В конце концов, не в силах вынести собственной бездушности, надменности и бахвальства, собственной подлости, льстивости и трусости, он бросился звонить о. Александру и вскоре уже мчался по шоссе в соседний город, где тот служил священником. Да и та дружба сохранилась не потому ли, что все эти годы они попросту не виделись?
О.Александр встретил его такси на неогороженной площадке у входа в храм, куда выбежал прямо в богослужебном облачении.
Петр Олегович вырвался из машины как ошалелый пожарник, даже не захлопнув дверцы, подскочил к приятелю и без приветствия бросился к нему на шею:
— Батюшка… — прохрипел он отчаянно. — Неужели это я?
о. Александр принял его в объятия, чтобы успокоить, но тот как полоумный блуждал взглядом и все бормотал что-то невразумительное.
Однако, тепло сочувствия смягчило его исступленье, он нашел выход горю и разрыдался, весь трясясь и выкрикивая обрывки фраз и мыслей.
— Мой сын… — наконец пожаловался он и сжался весь, задрожал крупно в приступе истерики, согнулся пополам, схватившись за грудину и осел прямо на тротуар.
О.Александр пригнулся к нему близко.
— Что с ним, с сыном?
— Мой сын… Ненавидит… Меня, — Петр Олегович замер где-то внизу, встав на колени и вцепившись в подол батюшкиного подрясника. — Я их развел… Я… Интригами. Клеветой. Я развел их… А он потом понял… это.
И несчастный опять разрыдался взахлеб, беззвучно сотрясаясь, тыкаясь лицом в батюшкины ноги и привлекая взгляды редких прохожих.
— Что же я за человек? — вопрошал он сам себя. — Неужели это я?
Батюшка и сам опустился на колени, чтобы быть к нему ближе, снова обнял, прижав к своему плечу его голову, как как прижимают голову расплакавшегося ребенка:
— Это ты… — подтвердил он с горечью человека, который и о себе все хорошенько знал. — И я такой же. И все мы такие же.
— Что же делать со всем этим? — Петр Олегович отпрянул, чтобы всмотреться своим диким скачущим взглядом в глаза единственного своего друга, единственной своей надежды. — Как с этим жить? Как не спрятаться за высокомерием? За самооправданием? Ведь жить невозможно с этим! Как провалиться мне сквозь землю? Сквозь землю… Как провалиться мне?
— Нужно каяться… — успокаивал батюшка и снова прижимал его голову к своему плечу. — Что можно исправить — надо исправлять. И каяться.
Через час только кое-как пришел в себя болезный Петр Олегович. Он сидел в батюшкином кабинете, раздавленный и неподвижный, как тяжелая каменная статуя, на которую обвалилась гранитная скала.

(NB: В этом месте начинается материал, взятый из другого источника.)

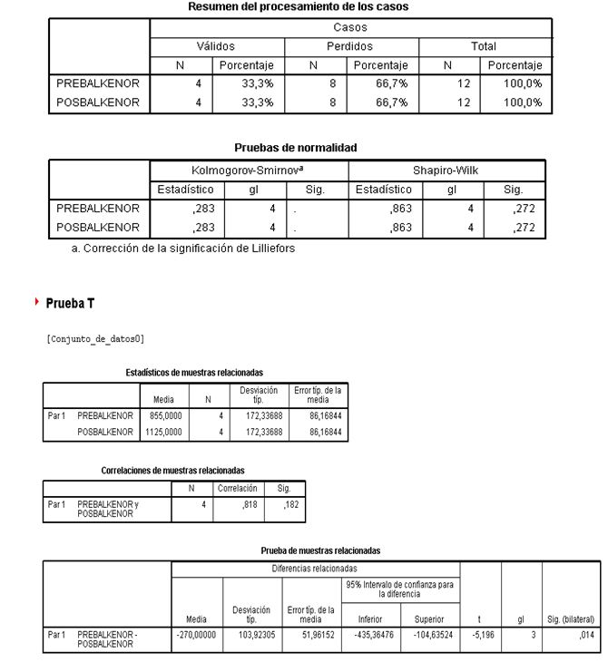 Tales resultados con el programa SPSS 18, con Licencia actualizada para la Universidad de Antioquia revisando normalidad y significancia de los cambios obtenidos se obtiene: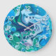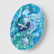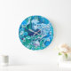 Grande Horloge Ronde Marbre numérique bleu et vert Fluide Art
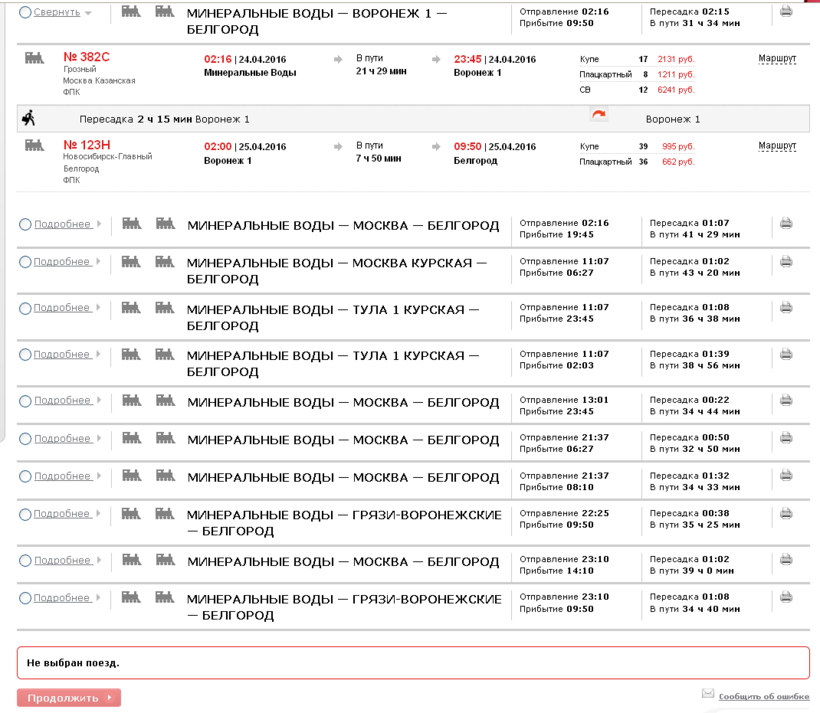 Стоимость проезда на поезде, идущем из Минеральных вод до Воронежа в плацкартном вагоне 1211 рублей, стоимость проезда в купейном вагоне 2131 рубль, а стоимость проезда на этом поезде в вагоне СВ - 6241 рубль, мы выбрали плацкартный вагон. Стоимость проезда на поезде, идущем из Воронежа до Белгорода в плацкартном вагоне 662 рубля, а в купейном вагоне стоимость билета 995 рублей, здесь мы тоже выбрали плацкартный вагон. В общей сложности на билет я потратила почти 1900 рублей.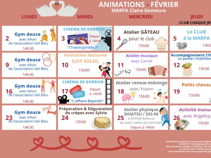 Planning Animations Février MARPA Date : Du 01 févr. 2025 au 28 févr. 2025 Horaire : voir planning Lieu : MARPA Évènement suivant BÉBÉ LECTEURS 06 févr. 2026 / 10h00 Bibliothèque de Châtillon Sur Colmont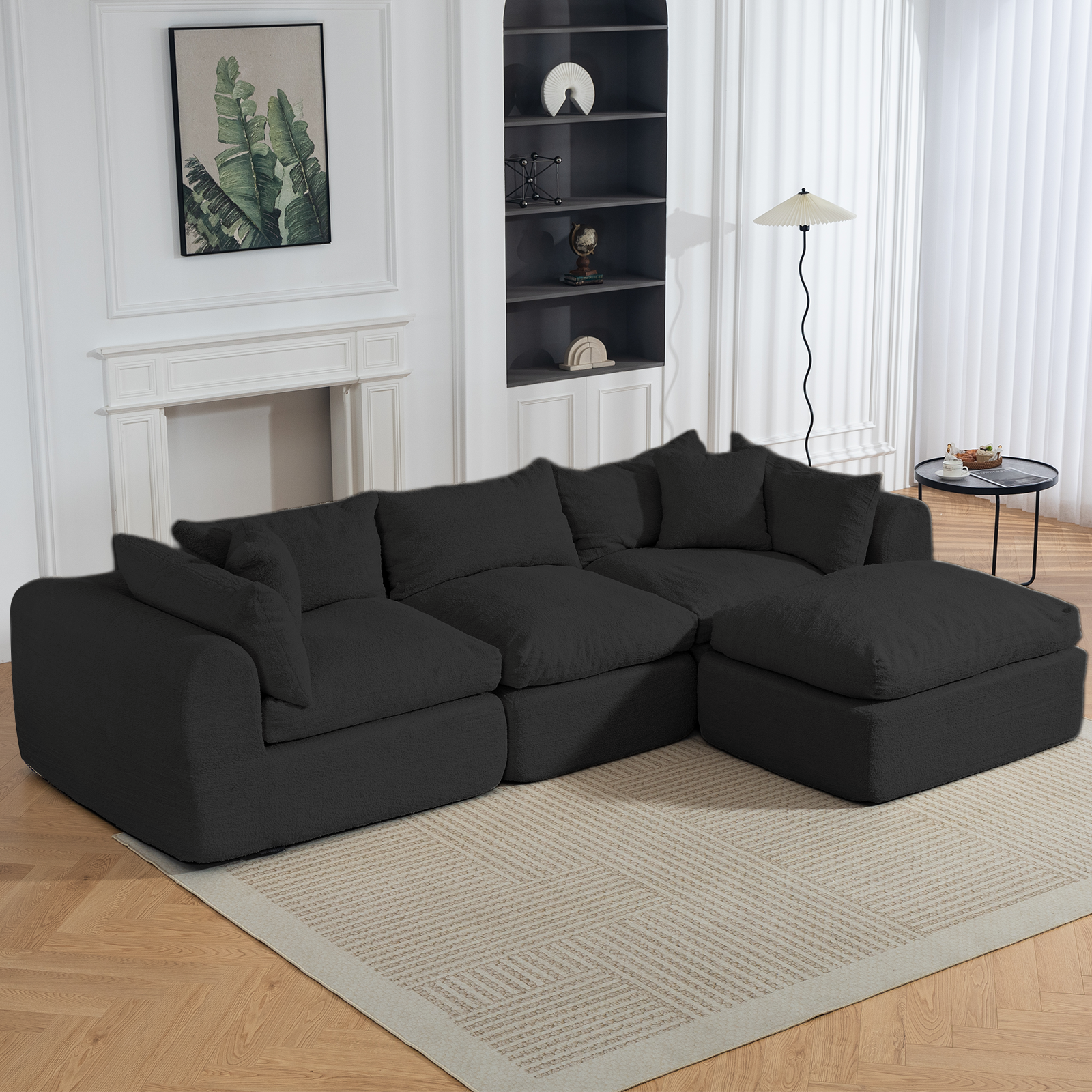 DELMANGO 113 Inch Modular L-Shape Cloud Velvet Sectional Couch, Boneless Convertible Sofa Set with Ottoman, No Assembly, Black

— Не понравилась она мне, жена его. Хорошая она женщина, заботливая, тихая. А я, вот… Невзлюбил… Ну, и ухитрился через подлости, через интриги… Выдворил ее вон. А она была беременная, — он поднял к батюшке мутные глаза, наполненные слезами. — И теперь живет, как мать-одиночка, родила. Внук у меня, уже три года ему. Тоже Петром назвала, несмотря ни на что… Так они задумывали с сыном вначале. А я его даже не видел ни разу. Такой я мерзавец!
— Иди и исправляй, — приказал батюшка с теплотой, с пониманием, но твердо. — И не бойся себя. Не увидишь болезни, не исцелишься.
— И как же мне жить с этим без… Это же так жжет, прямо выгораю весь. Больно так… Грехи эти…
— Ты людей прости, — ответил батюшка. — Дай им право быть лучше, чем ты. Дай им право совершать ошибки, быть несовершенными. Прости их. Только так и получишь облегчение и себя сможешь принять.